La figura dell’istitutrice, ricca di erudizione ma non di quattrini, viveva a cavallo fra due classi sociali e aveva un che di inquietante agli occhi di molti, perché, ponendosi al di fuori della gerarchia tradizionale, pareva mettere in discussione la struttura stessa su cui si fondava la società. La gente era affezionata a regole ed etichette e non voleva che fossero rimescolate. Di conseguenza, le istitutrici erano spesso oggetto di scherno, perché in ultima analisi non appartenevano né alle famiglie, né alla servitù. In Jane Eyre, Blanche Ingram, la ricca e seducente rivale della protagonista, si beffa apertamente della categoria e arriva a dire che Jane «non sembra abbastanza sveglia» per giocare alle sciarade con il resto della compagnia. Jane Eyre, in realtà, è sveglia, eccome. Non solo: è consapevole di sé. A dieci anni, l’arcigna zia per punire la sua caparbietà, l’aveva fatta segregare nella “camera rossa”, dove qualche tempo prima era morto l’amato zio di Jane.
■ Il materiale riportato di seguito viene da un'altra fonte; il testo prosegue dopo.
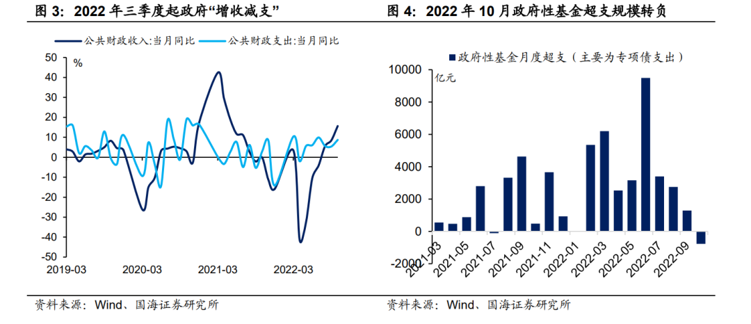 (1) 上半年“留抵退税”透支财政潜力,下半年财政支出或小于季节性,对资金面不利。从真实数据上看,为应对财政收入压力,三季度末开始政府确实在“增收减支”,公共财政收入增速明显高于支出增速。

Chiusa nella stanza, la bambina aveva avuto quello che oggi definiremmo un “attacco di panico”, mettendosi a gridare come un’ossessa e perdendo conoscenza, per lo sgomento della zia. Da adulta, Jane torna con la memoria a quel momento e ne coglie a pieno l’importanza, senza l’aiuto dell’analisi freudiana, o delle terapie psicologiche di cui disponiamo oggi: capisce che in tale occasione la sua vera natura si era manifestata in assoluta libertà. L’episodio della “camera rossa” serve così a rammentarle, che a prescindere da come la giudicano gli altri, è una donna di valore e sostanza, una donna che ha qualcosa da dire. La forte personalità della protagonista è da sempre una delle ragioni per cui il romanzo affascina i lettori. [...] Charlotte pubblicò Jane Eyre sotto lo pseudonimo, vagamente androgino, di Currer Bell, forse perché sperava così di incrementare le vendite, in un’epoca in cui le scrittrici godevano di una stima assai minore dei colleghi di sesso maschile. Tuttavia, la perspicacia con cui viene descritta la protagonista indusse più di un lettore a supporre che la mano fosse quella di una donna. Solo il favore incontrato dal romanzo convinse la Brontë a svelare la propria identità: dietro il nome d’arte Currer Bell si nascondeva la timida figlia di un parroco dello Yorkshire.
Prima che la tubercolosi ponesse termine precocemente alla sua vita, nel 1854, Charlotte scrisse altri tre romanzi – Shirley, Villette e The Professor, nessuno dei quali, peraltro, eguagliò il successo di Jane Eyre. Perché è Jane a sedurci: un personaggio potente che, grazie alle tempra morale e all’autostima, riesce a superare le avversità e restare al fianco dell’uomo che ama. I lettori non possono far altro che gioire insieme a lei.